Chapter One Thousand Four Hundred Eighty-Seven
20th April 1962
Mitte, Berlin
There were times when Maria was reminded of just how much Zella had inherited from Emil. Unfortunately, those aspects of him could be incredibly aggravating when they were displayed by their daughter. Maria would have thought that she would be used to it after twenty-one years, but Zella always seemed to find some new way to be infuriating and worrisome in equal turns.
This time a strange story had broken about how an outraged housewife near the University’s Humboldt Campus had been arrested after savagely attacking her husband, a Classics Professor, with a mallet after she had learned of his infidelity. Apparently, she had rather effectively removed her husband from gene pool. It had been regarded with a great deal of humor by the Metro Desk and they had played up that angle. Zella had been gleeful at first as word about the story spread. But later, something about her reaction reminded Maria of the times that Emil had started something only to watch it get out of hand. The police were investigating the matter and there was word that the University of Berlin was conducting a review of its policies regarding fraternization between students and faculty as well. Maria didn’t need to make too many leaps of logic to figure out what Zella’s involvement must have been.
Because the dormitories were undergoing their quarterly fumigation over Easter, Zella was staying at home over the Easter Holiday. Though Maria got the impression that her daughter was hiding in the house, waiting for the trouble she had caused this time to go away. That meant that Maria couldn’t avoid her and that made processing the events of the previous months more difficult than it would have been otherwise. As much as Maria hated to admit it, Zella was easier to deal with when the option of her going back to the dormitory existed.
At the moment, Zella had a pencil in her hand sketching something in a notebook while humming to herself. That was something that she had done since she was a little girl and Maria found it a small mercy that it was an aspect of her that had not changed. Zella was ignoring the television which was on the Evening News at a time when Maria was finding that she couldn’t ignore it. Videos of fighting in Korea was being played along with graphics showing the regions affected. There was also word that the Luftwaffe, Kaiserliche Marine along with the Korean Air Force had announced that they were starting an air campaign in the coming days. Weighing on Maria was not just how the Berliner Tageblatt was going to cover it but how her son Walter was sixteen. If this went on for too long and the Government reinstituted conscription, then there was a good chance that he could get caught up in that mess. There was also the social pressure that he was under. As the son of a Markgraf and Field Marshal, Walter could easily be compelled to do something stupid. Because he lacked his older sister’s pigheaded nature, Maria was worried that it could easily happen.

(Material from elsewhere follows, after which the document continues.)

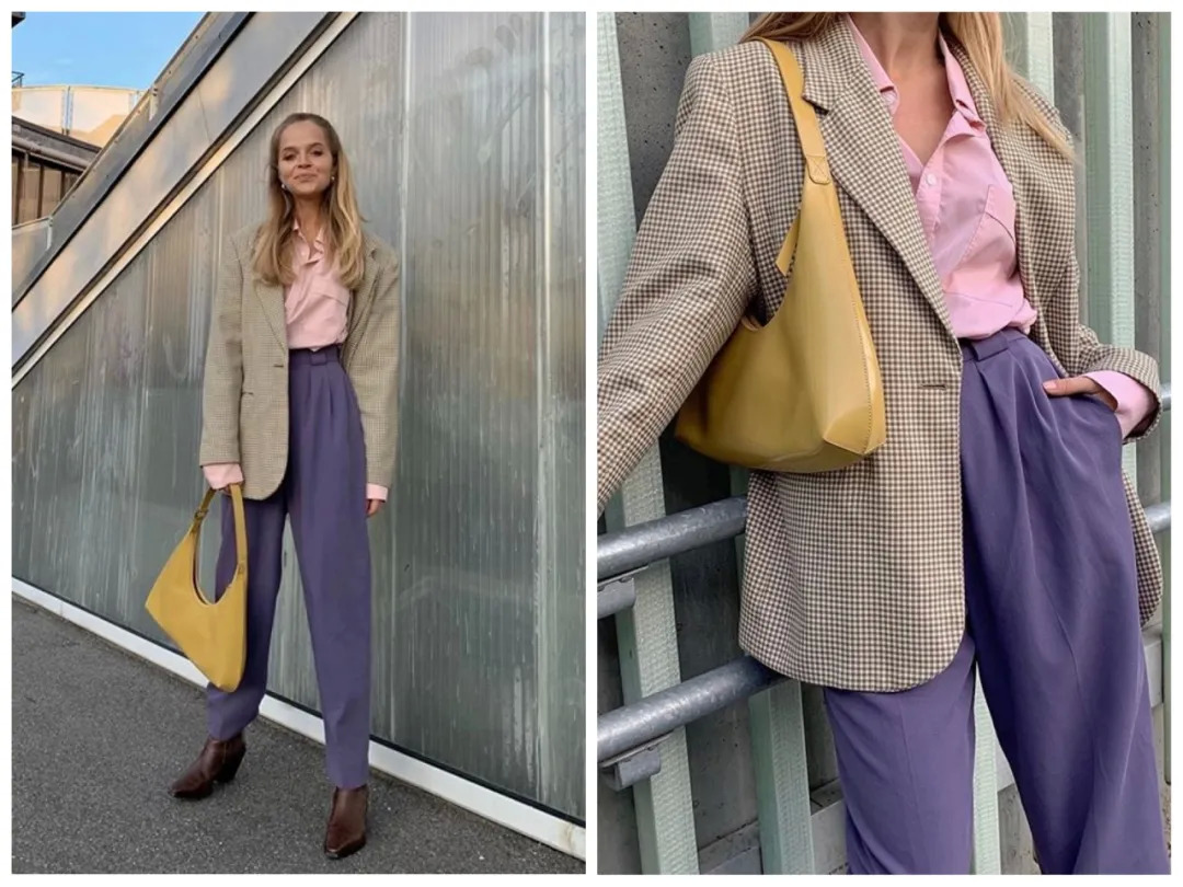 包括Miss 烧饼挚爱的这套,粉+紫+黄+棕,四色和谐地组合在一起,穿出街根本不怕撞look ~

Mercifully, the news switched to tomorrow’s weather.
Over the Yalu River
They looked like old-fashioned telegraph poles with flames shooting out the bottom. Or at least that was the impression that one had because the damned things moved so fast. Sitting in the cockpit Ben was discovering that he had only seconds to react after the alarm went off when a search radar was detected. None had been fired today, not yet anyway. Then there was the antiaircraft artillery, or it seemed like just anyone on the bank of the river with a rifle. The Chinese Air Force were proving not to be slouches either. The American designed Curtis Goshawk fighters that they flew could just keep up with a Pfeil in level flight but not for long. The Chinese pilots preferred to fly with the minimal fuel and ammunition load to accentuate the Goshawk’s already light wing-loading. The Goshawks carried only two of the heat-seeking missiles named after a sort of rattlesnake endemic to the South-Western American deserts. Ben had only flown a few missions, but he already knew that they only needed one to ruin his day.
What that meant in practice was that the Goshawk could be outpaced under any other scenario other than the one that they were currently flying. The bridges over the Yalu River had been deemed primary targets of SKG 18 as soon as they had landed in Korea. There were only so many attack vectors on those bridges and it seemed like they were all heavily defended. And the Chinese built Goshawks would be covering the likely approaches.

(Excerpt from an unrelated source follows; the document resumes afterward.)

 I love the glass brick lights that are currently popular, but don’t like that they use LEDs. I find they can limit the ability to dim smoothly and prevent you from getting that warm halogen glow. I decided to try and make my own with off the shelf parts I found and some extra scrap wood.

“Fuck!” Ben heard Wim, whose job it was to run the electronic countermeasures as well as being the Bombardier, exclaim from the back seat as a shell burst off to their left. Unlike the Canadian version of the Pfeil, Arado had gone with a full-length canopy, so Wim had a great view of everything outside and in.
Despite the danger lurking around every corner, Ben was finding Wim to be a bit over-excited at times. He tended to react that way whenever an alarm went off. There was supposed to be a wing of FW-270 Größerer Hühnerhabicht fighters providing top cover this time. Hopefully they would keep the Chinese fighters off then long enough to hit the pontoon bridge that they had been tasked with destroying.
As Ben commenced the attack run, entering a steep dive. Tracers flew past the canopy and Ben felt the plane lurch as the bombs fell away. Turning a hard left, he was crushed into his seat, levelling out, he raced for friendly territory. He had no clue if he had hit the bridge or not.